Menteri Keuangan Purbaya Yudhi Sadewa dan Gubernur Jawa Barat Dedi Mulyadi (Kolase RMOL)
Pengamat politik dari UIN Syarif Hidayatullah, Adi Prayitno, menilai bahwa dinamika politik di Indonesia sering kali tidak bisa ditebak.
Ia menyebut bahwa faktor utama dalam penentuan calon presiden dan wakil presiden bukan semata popularitas, melainkan hasil dari kesepakatan elite politik.
“Jika diulas, banyak nama-nama yang dulu mungkin tidak pernah populer atau diperhitungkan, tapi kemudian tiba-tiba dijagokan untuk maju sebagai calon wakil presiden,” ujar Adi, lewat kanal Youtube miliknya dikutip Minggu, 2 November 2025.
Adi mencontohkan pasangan-pasangan presiden dan wakil presiden di masa lalu yang sempat mengejutkan publik.
“Dulu siapa yang membayangkan bahwa SBY ketika maju untuk kedua kalinya, calon wakil presidennya adalah Boediono. Keduanya sama-sama orang Jawa dan nasionalis. Padahal biasanya ada kombinasi Jawa dan non-Jawa, atau nasionalis dan Islam,” jelasnya.
Hal serupa juga terjadi pada periode kedua Presiden Joko Widodo. Menurut Adi, pemilihan KH Ma’ruf Amin sebagai wakil Jokowi pada Pilpres 2019 adalah keputusan yang tidak banyak diprediksi.
“Padahal dulu ada banyak nama populer seperti Mahfud MD yang dinilai punya kapasitas dan disukai publik. Tapi pada akhirnya, Jokowi memilih KH Ma’ruf Amin, sosok yang tidak pernah diperhitungkan dan bahkan elektabilitasnya tidak pernah muncul di radar survei,” ujarnya.
Dari contoh-contoh tersebut, Adi menyimpulkan bahwa keputusan politik di Indonesia kerap ditentukan oleh faktor elite, bukan sekadar tingkat keterkenalan atau hasil survei.
“Faktor determinannya adalah persoalan elite politik yang ada di negara kita, termasuk juga soal majunya calon wakil presiden,” jelasnya.

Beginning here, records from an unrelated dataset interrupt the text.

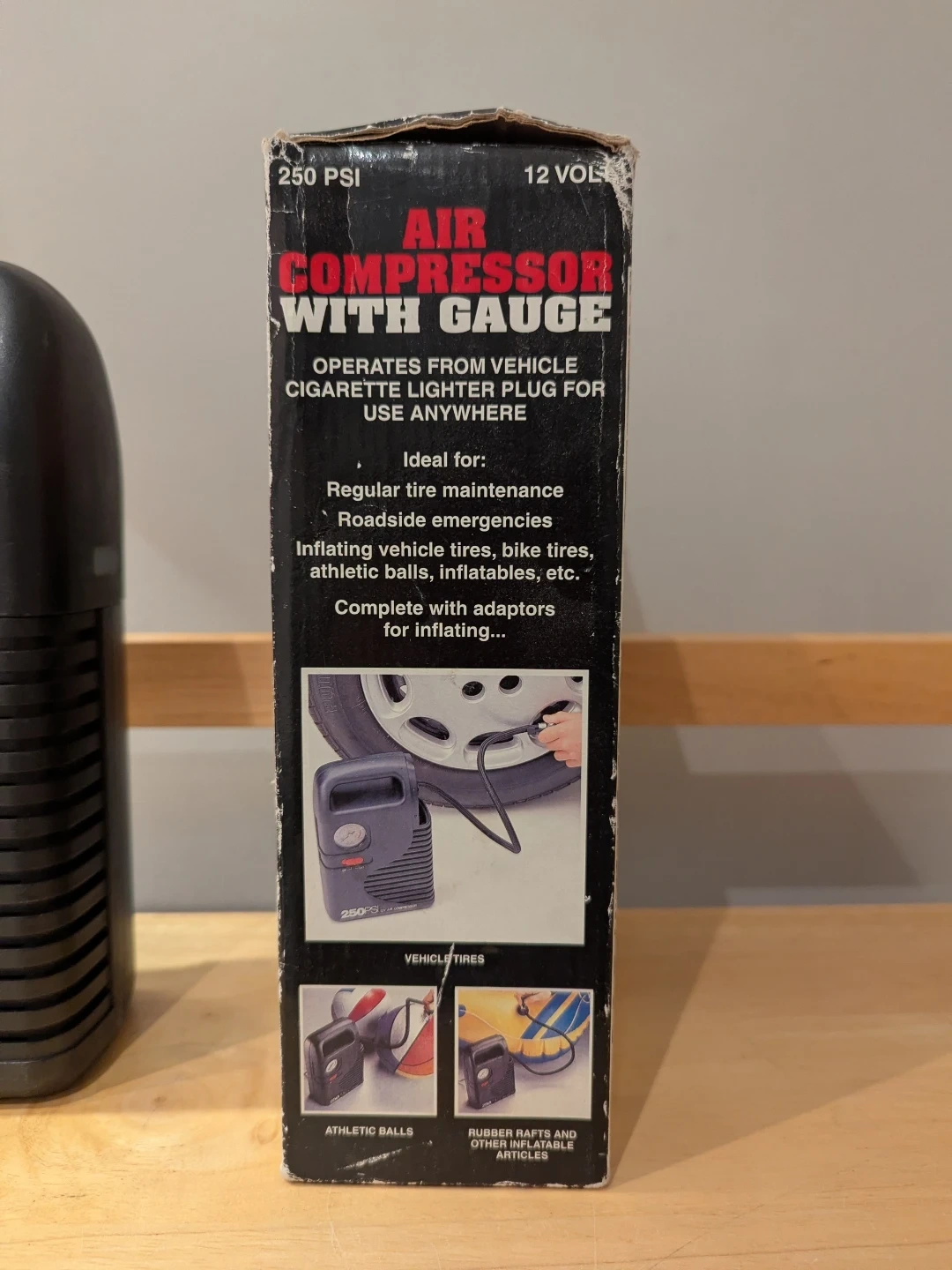 This black 250 PSI 12V air compressor with gauge is perfect for vehicle tire maintenance and inflating various items. It operates from a vehicle cigarette lighter plug. Includes adaptors for inflating tires, athletic balls, and other inflatables.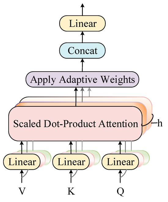 where WQ, WK, and WV are the weight matrices, and dk represents the dimensionality of Q and K. The division by acts as a scaling factor to prevent excessively large dot product values, which could lead to vanishing gradients. The final result is obtained by applying the SoftMax function and multiplying by V. In ADMHA, Equation (17) represents the computation of a single head in the multi-head attention mechanism. Equation (18) describes the calculation of adaptive weights. Equation (19) illustrates the application of the adaptive weights to the output of each head. Finally, Equation (20) shows the combination of the outputs from all heads. The structure of ADMHA is illustrated in Figure 3.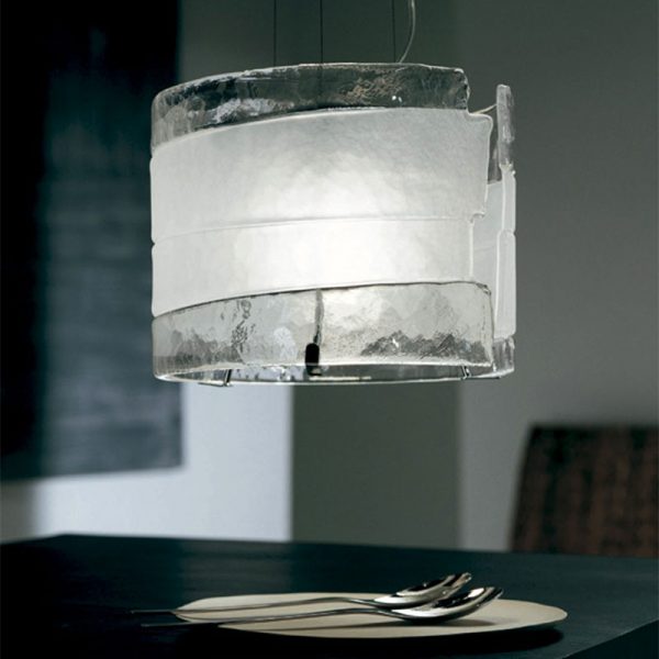 Mazzega1946 (Riflessi) Radius lampada a sospensione D. 31 cm, M M design. Diffusore in vetro lavorato a mano con finitura satinata. Struttura in metallo cromato lucido. La caratteristica di Riflessi sta nel diffusore; quest’ultimo presenta diverse fasce, le fasce centrali sono cristallo satinato mentre le fasce esterne possono essere cristallo trasparente, ambra o rosso. Grazie allo stile ricercato è possibile posizionare questa collezione sia in ambienti classici che moderni. Codice prodotto RADSOMMD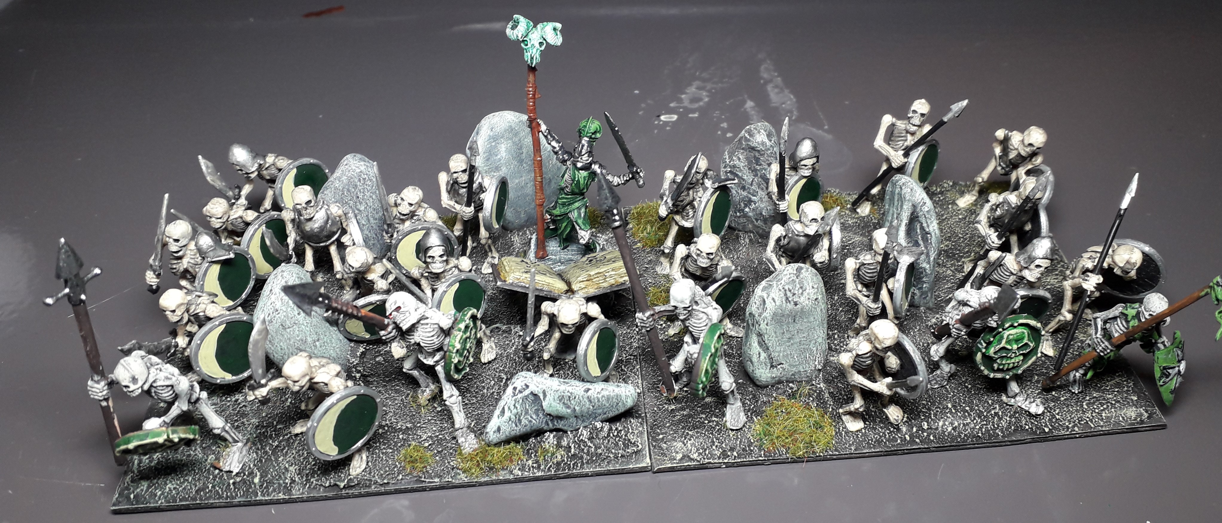for my other horde of skeletons (here in the back) I used a plain “quartered” colour scheme. It was kind of an experiment as I don’t usually use either red or yellow in my undead army, but the majority of the models had already been painted, so I only had to redo them.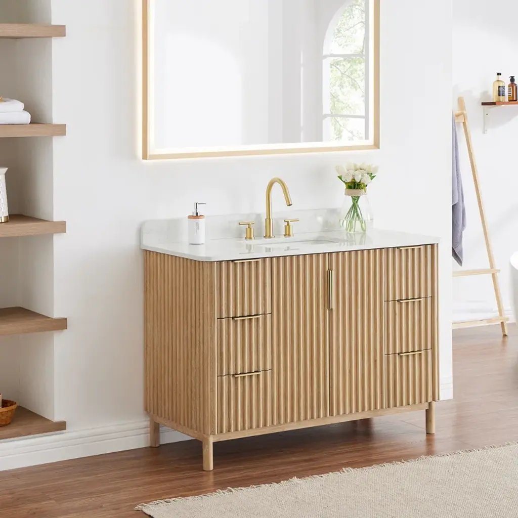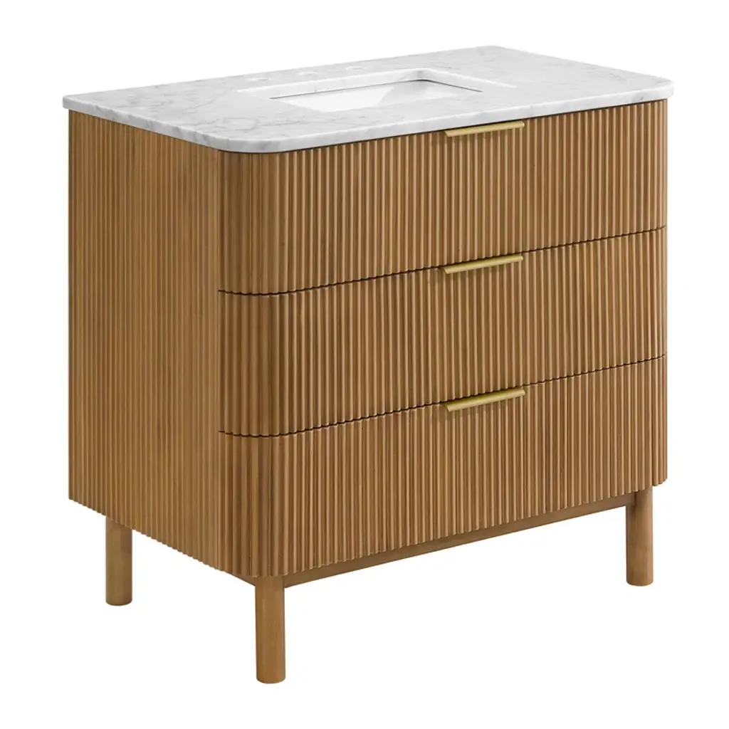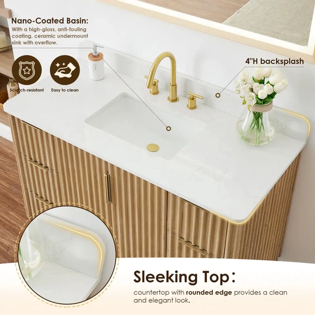 Balancing sophisticated accents with natural tones and textures, our elegant Sierra Series Bathroom Vanity is a striking style upgrade for your bathroom space. The captivating reeded design of the cabinet and door panels lends a unique, artisanal aesthetic that catches the eye. Rounded corners on the composite stone top provide a fluid, uninterrupted silhouette, while gold ergonomic door handles and drawer pulls lend sleek contrast to the finished wood grain. The cabinet includes built-in UL-Listed power and USB outlets as well as a convenient hair dryer organizer. Supported by thick, sturdy legs crafted from premium hardwood, the durable Sierra promises years of enduring beauty and functionality.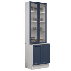 O acabamento de alta resistência da estrutura é em Branco, das frentes em Azul e possui uma textura suave ao toque. O destaque fica por conta do detalhe chanfrado das frentes, que forma molduras elegantes e dá profundidade ao design, refletindo o estilo americano com um toque moderno. Outro diferencial está nos puxadores ponto em ouro envelhecido, feitos com metal resistente, trazem personalidade e um charme único.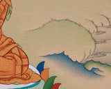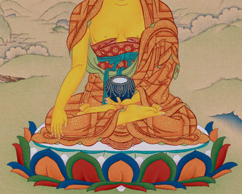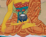 This exquisite thangka gracefully depicts the Buddha Shakyamuni, the founder of Buddhism. Hand-painted with natural stone colors and genuine gold, it harmonizes natural elements and spiritual symbols in the Karma Gadri style. The fine cotton canvas provides a soft texture, while gold detailing highlights the Buddha's serene aura.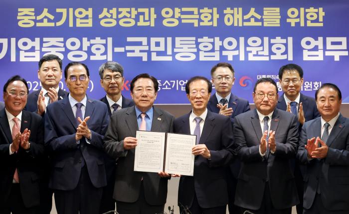 중소기업중앙회(회장 김기문)는 국민통합위원회(위원장 이석연)와 1일 여의도 중기중앙회 리더스룸에서 업무협약을 체결했다.이날 협약식에는 △김기문 중기중앙회장과 △권혁홍 수석부회장 △배조웅 수석부…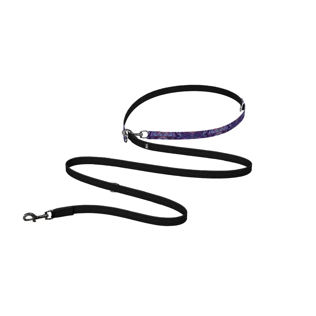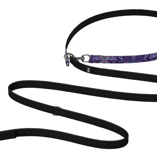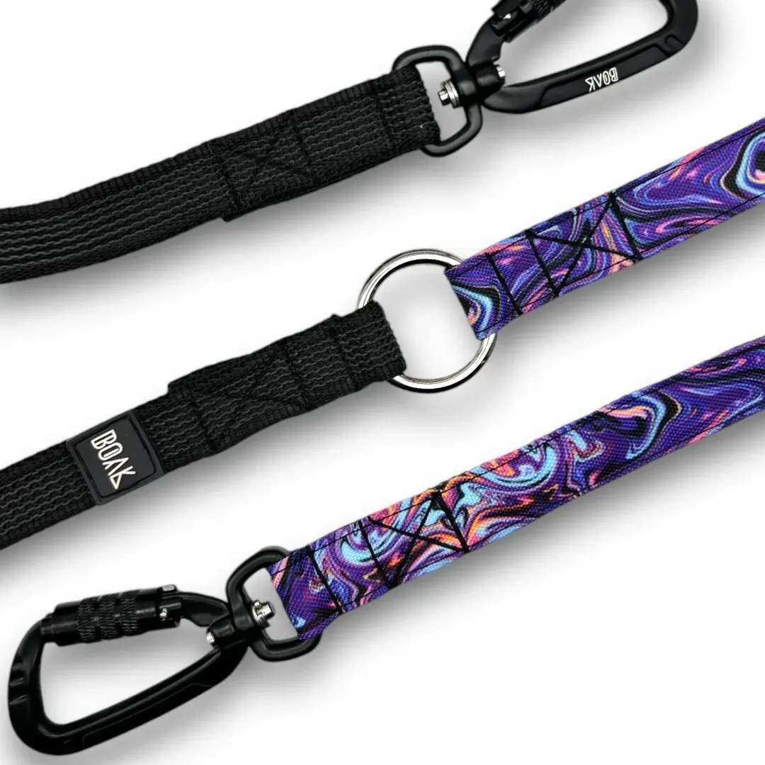 Перестежки имеют два карабина на концах и несколько полуколец по всей длине поводка. Один карабин крепится к шлейке/ошейнику, второй, в зависимости от выбора полукольца, делает из перестежки: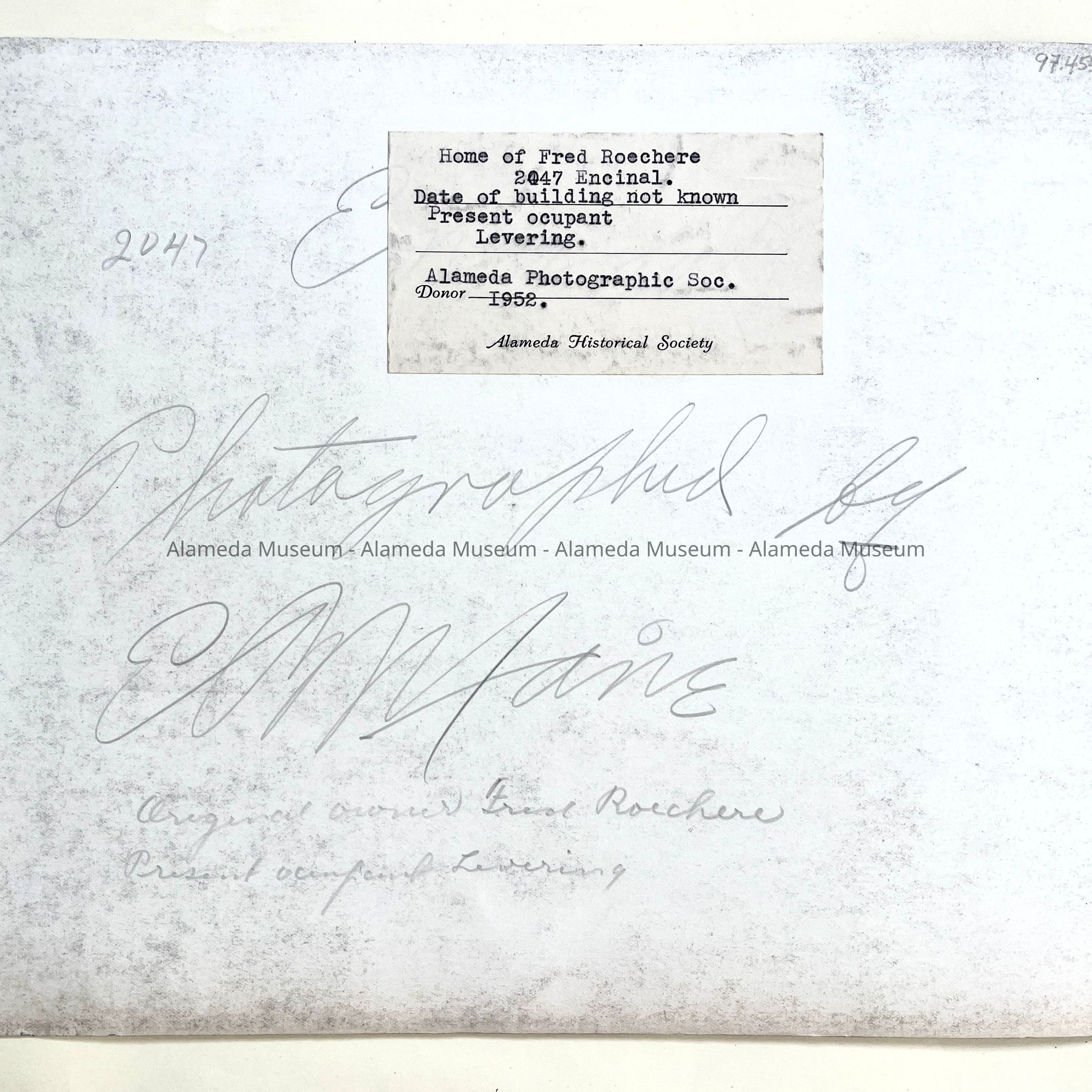 Photo main facade 2047 Encinal, 1952Entry/Object ID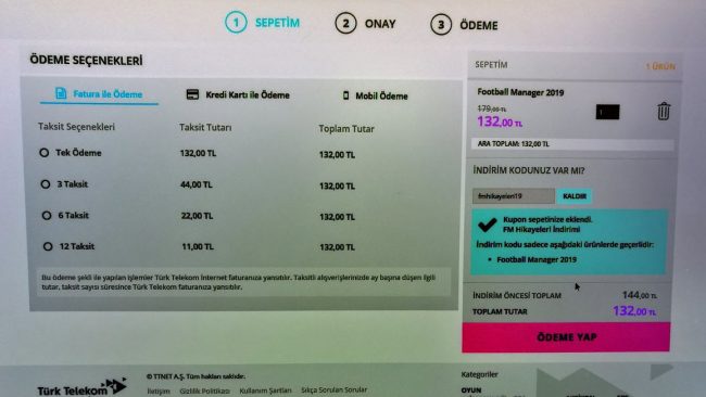 Steam üzerinde 179 TL’ye satışta olan oyun için Türk Telekom’un dijital oyun platfromu Playstore ile yapmış olduğumuz görüşmeler sonunda meyvesini verdi. Playstore’un 144 TL’ye sattığı Football Manager 2019 için 12 TL’lik indirimi kaptık.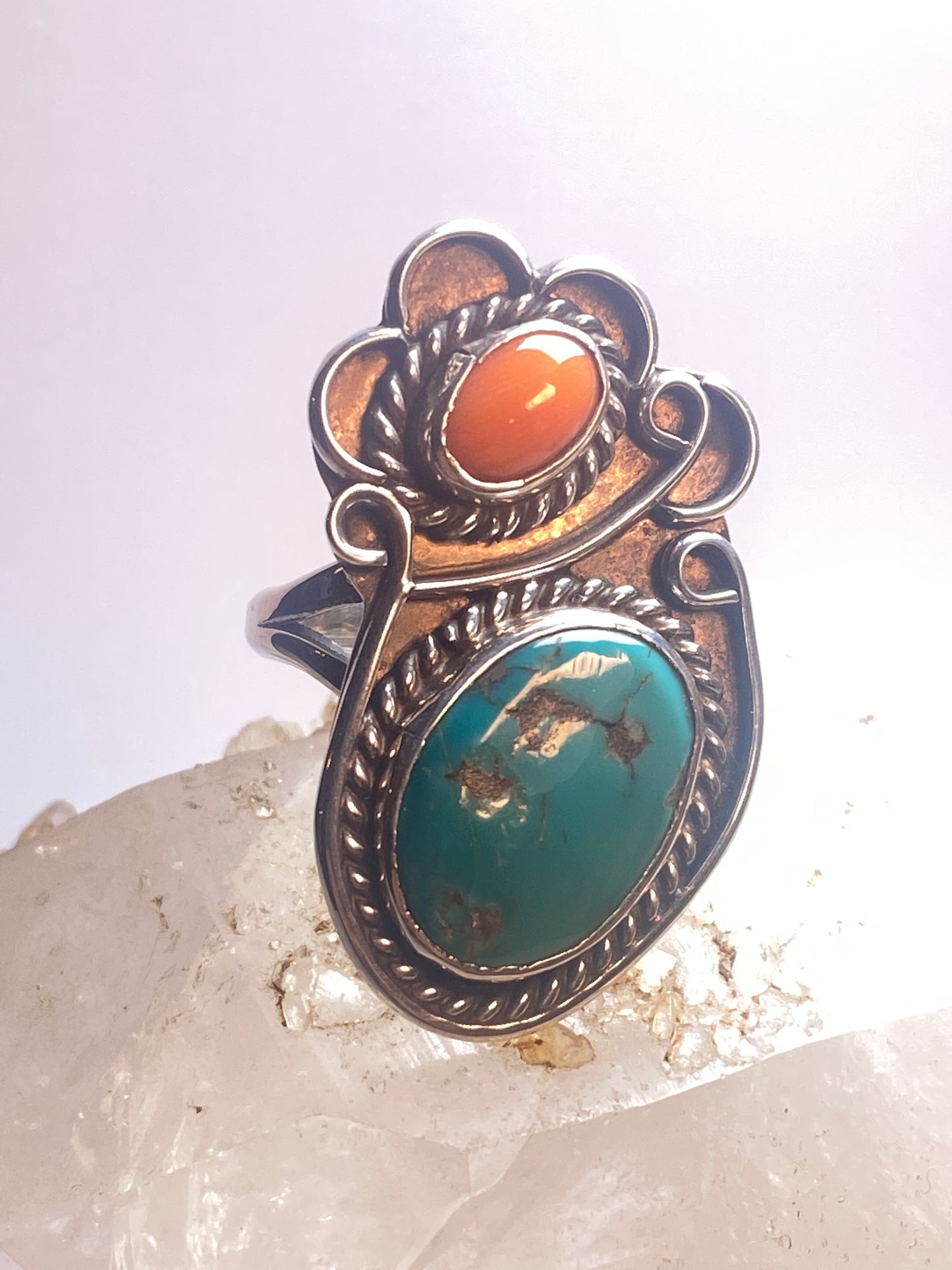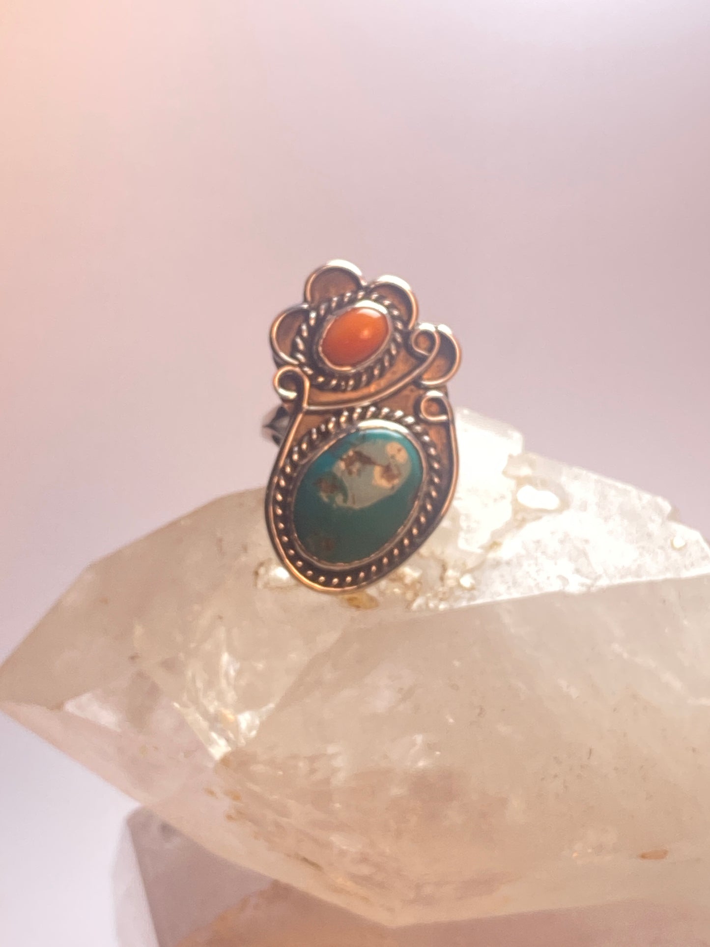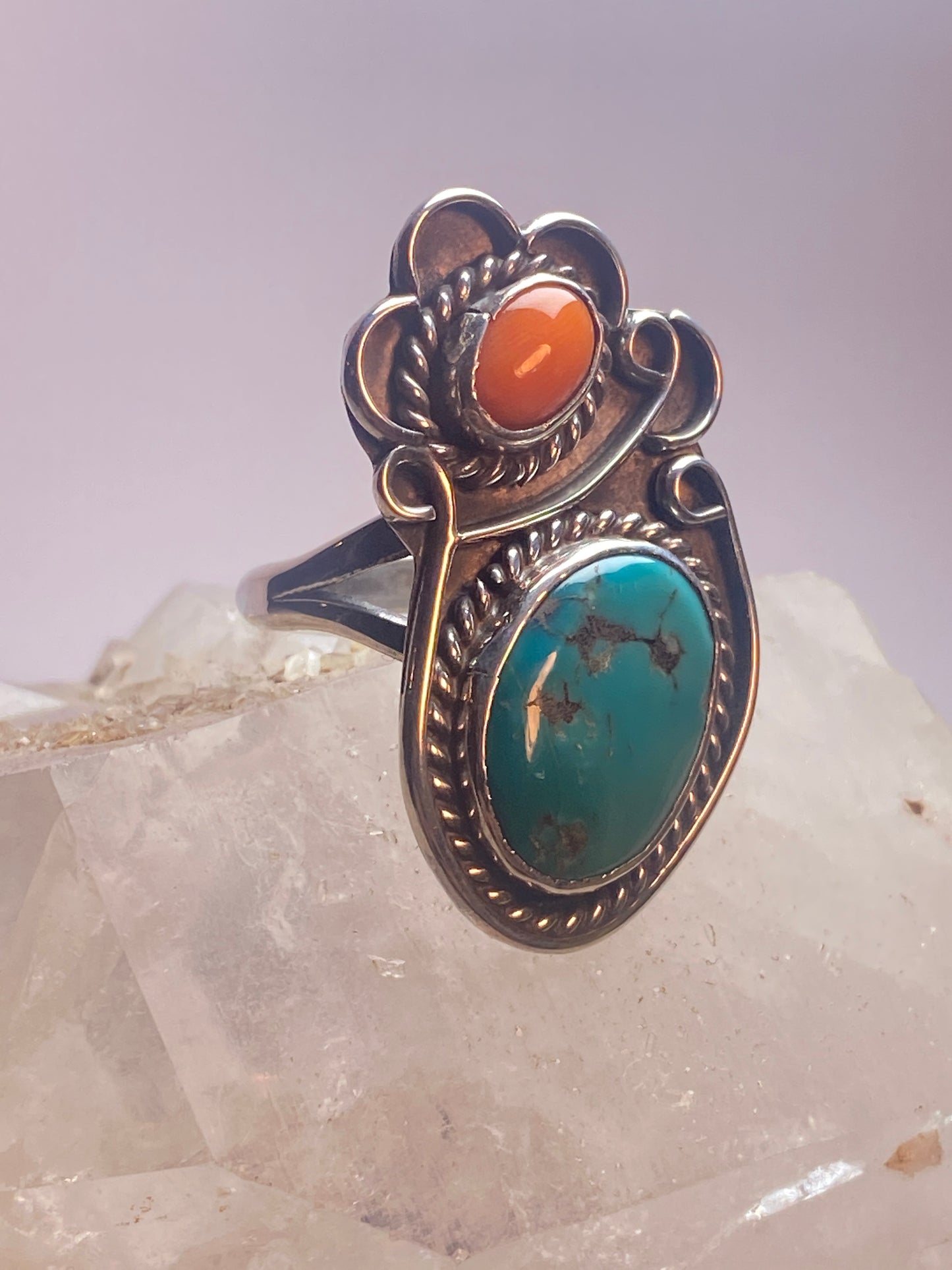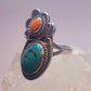 Turquoise ring size 10 Navajo coral southwest sterling silver women girls

Adi juga menyinggung proses politik yang mengantarkan Gibran Rakabuming Raka menjadi calon wakil presiden pada 2024 lalu. Menurutnya, munculnya nama Gibran merupakan hasil dari kesepakatan elite yang tidak terlepas dari putusan Mahkamah Konstitusi yang kala itu menimbulkan kontroversi.
“Nama-nama seperti Sandiaga Uno, Erick Thohir, atau Sri Mulyani saat itu sangat populer, tapi justru yang maju adalah Gibran yang sebelumnya tidak pernah masuk radar survei,” katanya.
Adi menegaskan, popularitas atau elektabilitas bukan jaminan untuk bisa maju dalam kontestasi politik.
“Bekal populer, disukai, dan seterusnya itu tidak menjamin apapun untuk bisa maju, sekalipun hanya sebatas calon wakil presiden,” tegasnya.
Lebih jauh, Direktur Parameter Politik Indonesia itu menyoroti cepatnya perubahan preferensi publik terhadap tokoh-tokoh politik di tanah air.
“Di Indonesia memang gampang memvonis hitam putihnya seseorang. Cepat suka, tapi juga cepat benci,” ujarnya.
Ia mencontohkan fenomena pergeseran perhatian publik terhadap figur-figur politik baru. Beberapa bulan lalu, Dedi Mulyadi sempat digadang-gadang maju di 2029 sebagai calon wakil presiden karena viral dan ekspos politik yang luar biasa.
"Tapi tak lama kemudian muncul nama Purbaya. Baru dua bulan menjabat Menteri Keuangan, kesukaan publik kepada Dedi mulai berkurang dan beralih kepada Purbaya,” ungkapnya.
Adi menutup dengan catatan bahwa perubahan opini publik di Indonesia sangat dinamis.
“Sebelumnya muncul nama Anies Baswedan, Ganjar Pranowo, Gibran Rakabuming Raka, dan AHY. Tapi hari ini, seakan jarum jam berubah total dan semua orang terfokus pada Purbaya Yudhi Sadewa,” pungkasnya.